Медиум для масс – сознание через глаз. Фотомонтаж и оптический поворот в раннесоветской России - Сергей Александрович Ушакин
Шрифт:
Интервал:
Закладка:
Илл. 56. Фрагмент фотомонтажа с первой страницы от 7 ноября 1930 г. Автор не указан.
Газетная плоскость динамизировалась благодаря комплексной композиции, содержательной разновидности и стратегическому использованию лозунгов. Предлагая различные способы репрезентации реальности (рисунок, фотография, текст), новый визуальный язык страницы требовал от аудитории постоянного диалога с иллюстрациями. Разноплановые ориентации и размеры смонтированных фотоснимков вынуждали читателя-зрителя постоянно корректировать точку своего зрения, придавая тем самым ощутимость процессу активного зрительного восприятия. Общий смысл изображения можно было понять лишь при постоянной смене взгляда.
Илл. 57. 7 ноября, 1932 года. Оформление В. Дени.
Динамизм и мультимодальность «Бездейственной» культуры «Правды» довольно быстро подверглись эстетико-политической нормализации. В праздничном номере 1932 года фотографий не было, но при этом половину первой страницы занимали рисованная композиция Виктора Дени: силуэт башни Шухова (связь как символ модернизма) располагался между портретами двух вождей на белом фоне. (Илл. 57)Тексты, размещенные на странице, придавали ей отчетливо ритуальный характер: место статей теперь занимали приветственное послание Сталина и набор праздничных лозунгов. Смена подачи лозунгов в данном случае симптоматична: лозунги утрачивали свой характер конденсатора смысла в пределах страницы; вместо этого газета выносила их действие вовне, предлагая лозунги в качестве готового набора форм косвенной речи. Исходная установка на смысловую работу заголовков-лозунгов сменялась установкой на их цитатное воспроизводство.

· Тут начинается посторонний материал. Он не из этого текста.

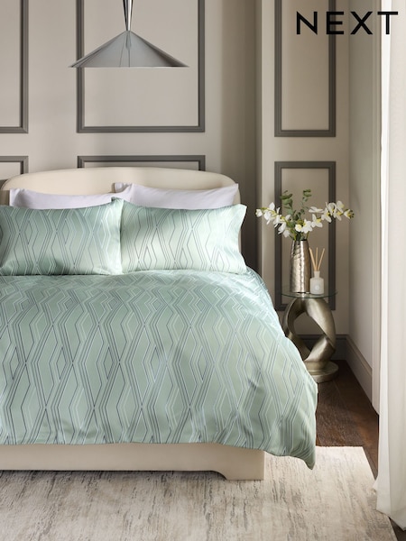 Sage Green Diamond Jacquard Duvet Cover and Pillowcase Set
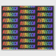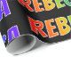 This vibrant, exciting, multicolored wrapping paper design features the common first name "REBECCA" having a colorful rainbow spectrum like coloring pattern. It also features a black colored background. Colorful wrapping paper like this might be a fun way to wrap a gift being given to somebody named Rebecca. [~Z0000354]
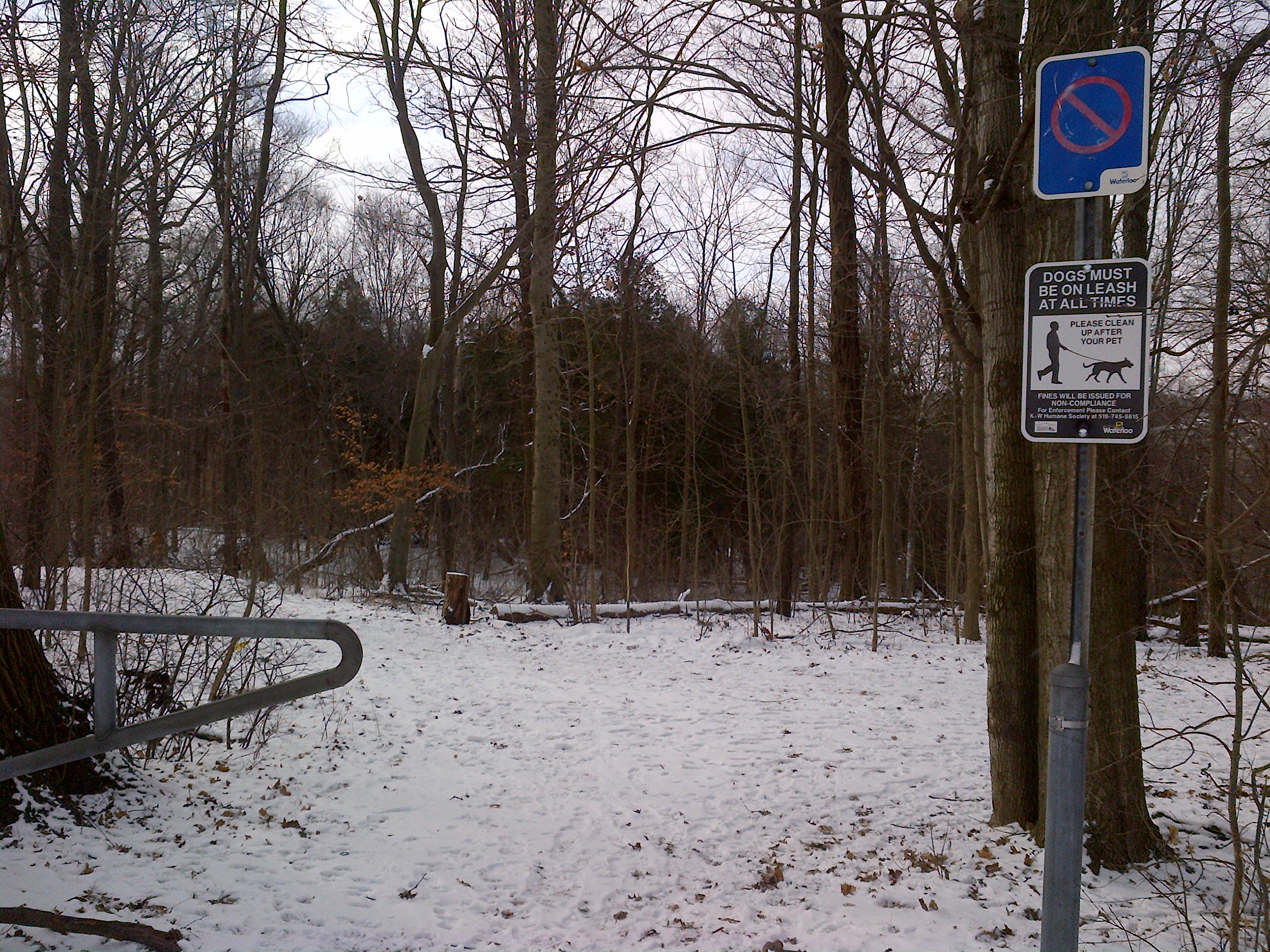 Although cycling is not permitted in the woodlot, it is a popular spot for dog walkers (Ontario Trail Council, 2014). The area is full of lovely vistas that belie the urban sound of traffic in the distance. Trees species include red oak, bur oak, black cherry, and hemlock groves. Hemlock trees provide the space with a reflective, Japanese-garden appearance even in the depths of winter. Alternate leaf dog wood and yellow birch adorn the understory and reflect the health of this relatively old, urban woodlot.

Илл. 58. 7 ноября, 1933 года. Фотомонтаж Г. Клуциса.
Фотографии вернулись на первую полосу уже в следующем, 1933 году, но их возвращение сопровождалось очевидной стабилизацией процесса изобразительных поисков. И иконография, и нарратив подверглись заметному упрощению. (Илл. 58) Автором оформления был Густав Клуцис, художник, создавший базовые идиомы советской визуальной пропаганды. Праздничный выпуск Клуциса решительно избавлялся от информационной избыточности, характерной для более ранних выпусков «Правды». Фрагментированные фотоснимки, конкурирующие между собой за внимание зрителя, исчезли, не стало и документирующих подписей. В итоге фотофрагменты утрачивали свою информирующую функцию, выступая в виде декораций и фона. Акцент на документальности смещался в сторону монументальности и целостности композиции, которая обрела явные визуальные и цветовые доминанты.

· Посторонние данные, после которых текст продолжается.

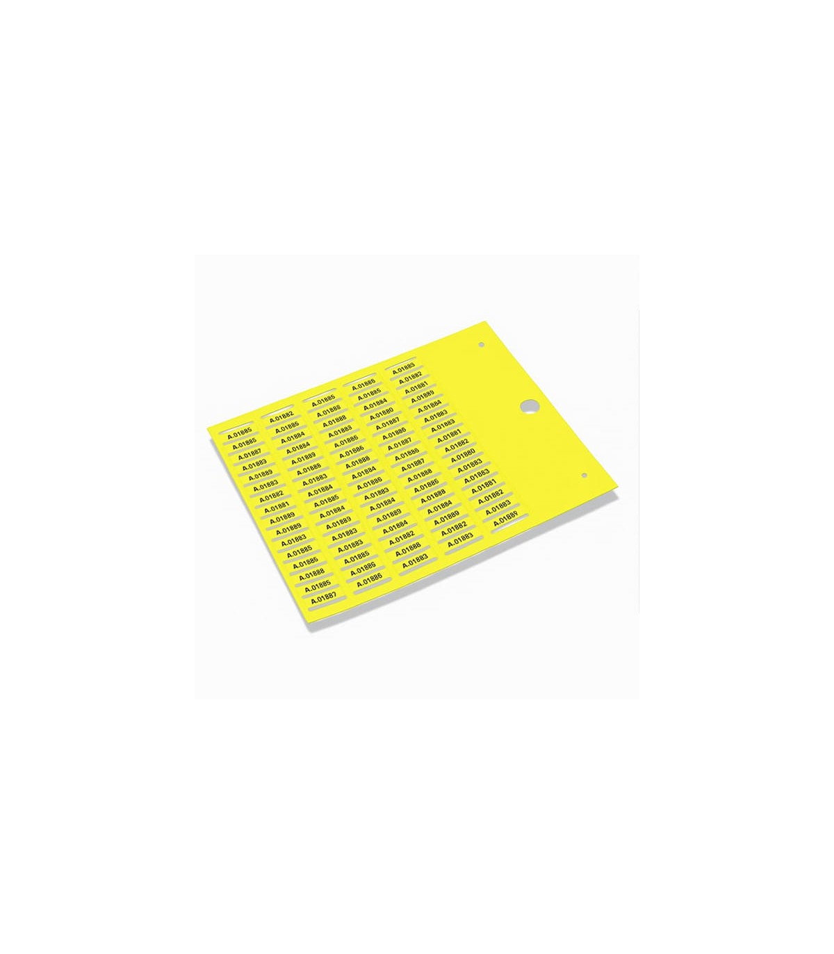 Las etiquetas se suministran en hojas precortadas. Cada etiqueta está unida a un tallo: basta con separarlo para obtener la etiqueta lista para usar. El PVC rígido garantiza que la etiqueta permanezca legible y estable incluso en entornos con vibraciones, polvo, aceites, humedad o condiciones difíciles.
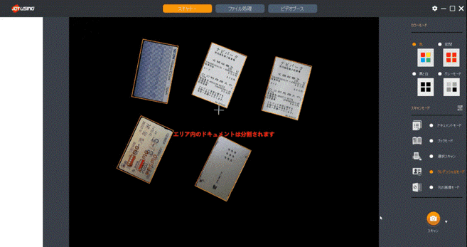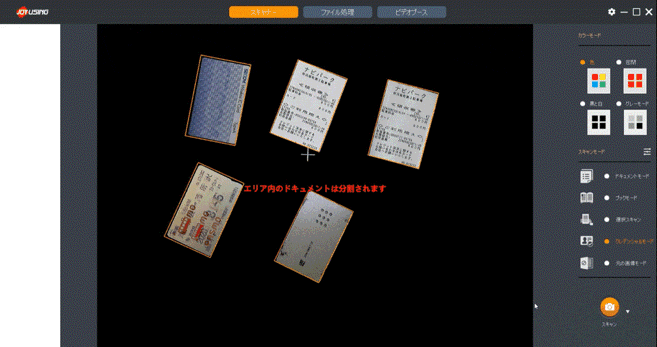 名刺やレシートなどこまごました印刷物をマット上に並べて一括でスキャンし、データとしては1枚ずつ保存できる機能です。
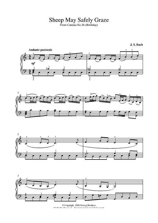 Digital Sheet Music for Sheep May Safely Graze by Johann Sebastian Bach scored for Piano; id:382694
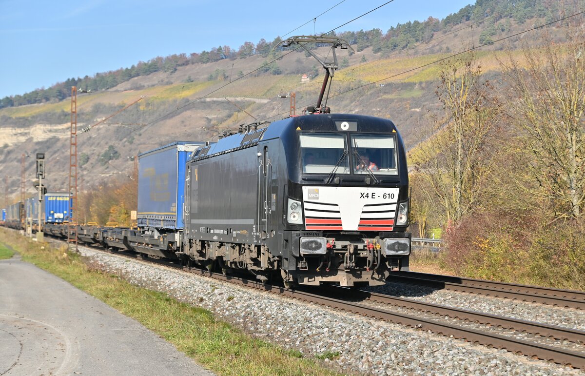 X4E 610 kommt am Mittag des 9.11.2021 bei Thüngersheim gen Würzburg gefahren.
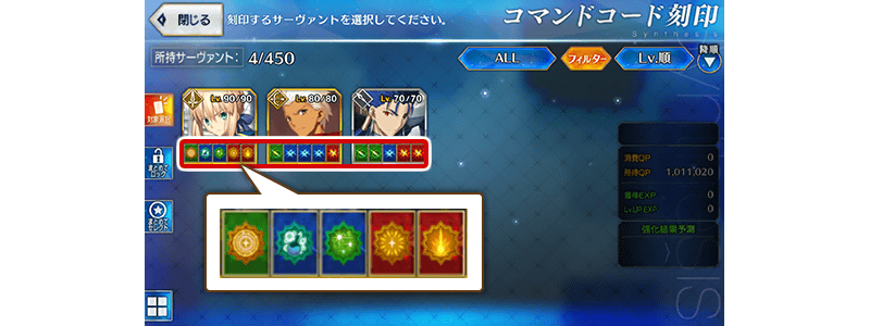 在刻印Command Cde的时候,可以确认英灵目前已刻印的Command Code的状态。
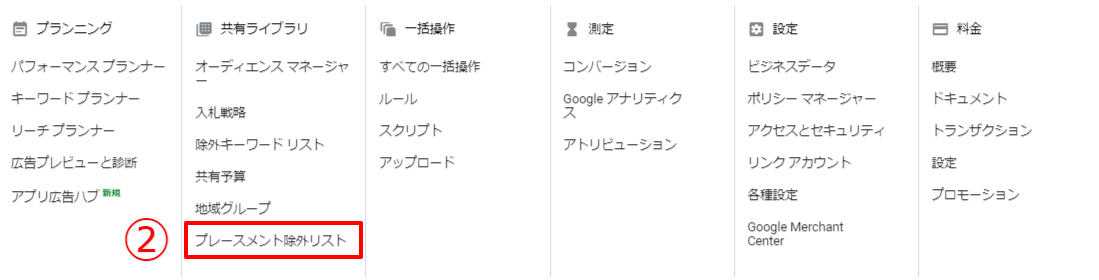 ②「共有ライブラリ」の下にある 「プレースメント除外リスト」をクリック

Драматизация образов при этом сохранялась, но она меняла свою направленность. Графически Сталин окончательно выходил на передний план, оставляя за собой в качестве фона цифру 7 (день революции), плавно перетекающую в портрет Ленина. Политическая нумерология (инфографика?) присутствовала и еще в одном виде: самолеты на одном из снимков были организованы в виде цифры XVI, обозначающей годовщину революции. Вещи превращались в символы.
В монтаже Клуциса Ленин и Сталин тоже «играли роль» метазрителей, рассматривающих иллюстрации. Однако, видели они в данном случае не процесс индустриального строительства страны, а праздничную процессию из комбайнов, дирижаблей, самолетов и людей, глядящих (снизу вверх) на своих вождей. «Миллионы строят социализм», – фактографически прояснял заголовок суть происходящего в выпуске 1930 года. «Массы творят историю», – таинственно суммировал важность событий заголовок в 1933 году.

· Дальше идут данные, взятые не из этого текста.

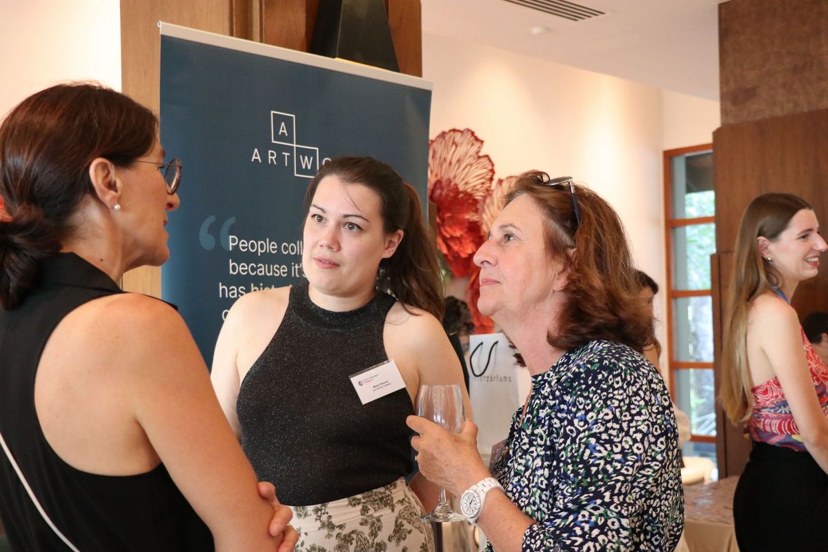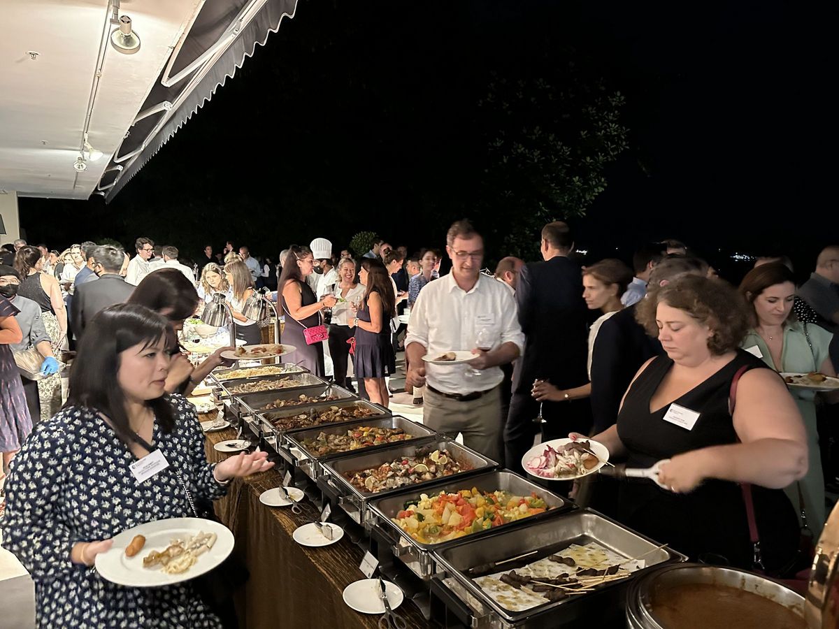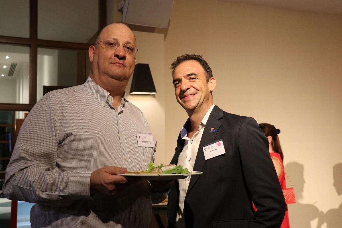 Guests enjoyed a delightful buffet dinner on the terrace, accompanied by a fine selection of French wines provided by The Vintage Wine Club. The menu included a variety of canapés, charcuterie, meats, raclette, cheeses (provided by LPB Market), and a tempting array of desserts. It was the perfect setting for networking in a relaxed and welcoming atmosphere.
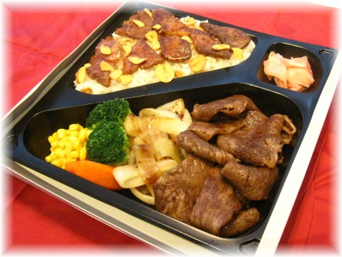 En la TIENDA DE COMESTIBLES PREPARADOS del emparrado del bistec de Kobe del rayo de carne de vaca japonés 36 años, el almuerzo que «quiere que usted coma por supuesto y puede probar totalmente el gusto y una fragancia de la vaca de Kobe genuina, carne de vaca negra japonesa para un sentimiento llamado...» se prepara mucho.

Эти праздничные страницы газеты позволяют увидеть в сжатой форме постепенную эволюцию роли визуальных материалов в раннесоветской массовой печати. Как показывает «Правда», поворот к оптике не был ни линейным, ни одномоментным. Творческие эксперименты перемежались в нем со стремлением к более консервативным решениям. Но несмотря на всю подвижность визуальных установок и изобразительных средств, трансформация графического языка «Правды» наглядно выразила общую направленность оптического поворота: фотография в целом и фотомонтаж в частности начинали играть в нем растущую роль.
Два отца советского фотомонтажа
Когда т. Гартфильда, крупного фотомонтажиста, спросили, кто является изобретателем фотомонтажа (вопрос был поставлен в связи с тем, что одно время Лисицкий утверждал, что он является первым фотомонтажистом, Родченко говорил, что изобретатель фотомонтажного движения – он, Клуцис, в свою очередь, утверждал, что он положил начало фотомонтажу), Гартфильд ответил, что не стоит заниматься этим вопросом, так как делу это не поможет, а создаст лишь антагонизм между работниками фотомонтажа.
Социальный и институциональный контексты оптического поворота, о которых шла речь до сих пор, помогают лучше понять востребованность фотомонтажа как метода работы с готовым изобразительным материалом. В свою очередь, структурные и психологические основы, на которых строился монтаж, проясняют логику его воздействия. Но ни контекст, ни технология фотомонтажа не раскрывают содержательную привлекательность этого приема. История появления первых фотомонтажных работ в России помогает восполнить этот пробел.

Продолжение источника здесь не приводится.